Paul Peter Rosen, MD: Happy Birthday, August 16th,

even if the post is late, the birthday congratulations are no less real. Travel and disease slowed me down, but I often think about you ; older sibling where are you, I wonder. I went to Aude in Languedoc, in southwestern France. Why not live there, I ask myself? It is off the beaten track and few Americans have found there way there. It is wild and ancient, with some of the great Upper Paleaolithic Caves and no less than Tautavel's Man's fossils. In the Middle Ages , a vile campaign, a blood-letting crusade occurred against the Cathars. Today it is peaceful, but the terrain has stories to tell. Now known for the vignoble, it was a kind of Arcadia where shepherds herded their flocks not many decades ago. Rough limestone and fields and fig trees growing wild; it is edenic, except in winter when the wild winds swirl down the precipitous slopes of the Pyrenees.

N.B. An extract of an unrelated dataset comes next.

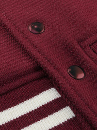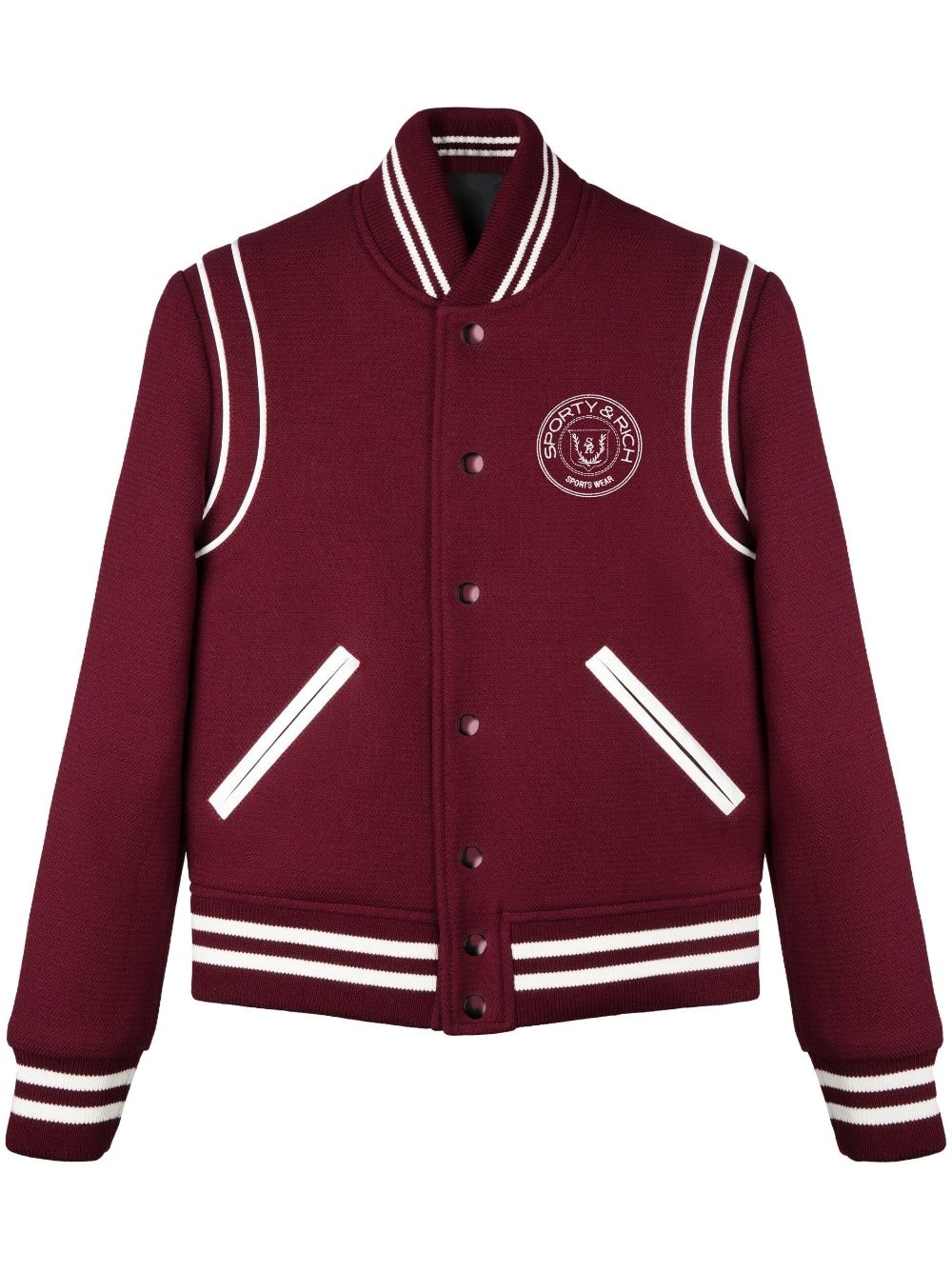 logo embroidered varsity jacket Highlights - Bordeaux red/cloud white - Wool blend - Ribbed detailing - Embroidered logo - Stripe detailing - Baseball collar - Front press-stud fastening - Two side slit pockets - When buying this unisex item, keep in mind that it is graded in standard men's sizing. Imported Composition Wool 83%, Polyamide 17% Washing instructions Read Manufacturer Guidelines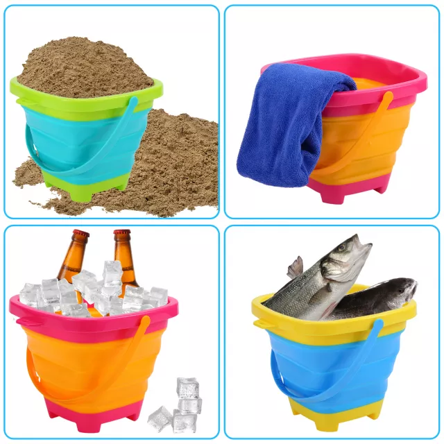 What an amazing set of beach toys! My children have been captivated from the moment we opened it. The variety in this pack is just incredible – buckets, molds, shovels, and even a mesh bag for easy carrying. I was particularly impressed with the collapsible design of the buckets which makes them so convenient to store and transport. They easily fit into our beach bag or suitcase without taking up much space at all. We've used these toys not only at the beach but also in our backyard sandbox and they've proven to be extremely durable. Plus, knowing that they're made from eco-friendly BPA-free materials gives me peace of mind about my kids' safety while playing.

picture 1. Paul Peter , "Peter," my brother with our mother and father, Beate Caspari Rosen and George Rosen, both MDs and my our father with more degrees

Picture 2. a field in the Aude approaching the Pyrenees
3. Susan Joan Rosen and her brother Paul Peter. He became a physician I became an art historian. His specialty, pathology. required visual expertise not unlike the expertise  of an art historian, which in fact he began to seriously specialize in when he began to collect Arfrican art. We are photographed here at 285 Riverside Drive, with our nature wonders, plants and animals. The creatures we are studying snapping turtles, which we captured as they were hatching from their eggs -so long ago at Garnet Lake in the Adirondacks, NY.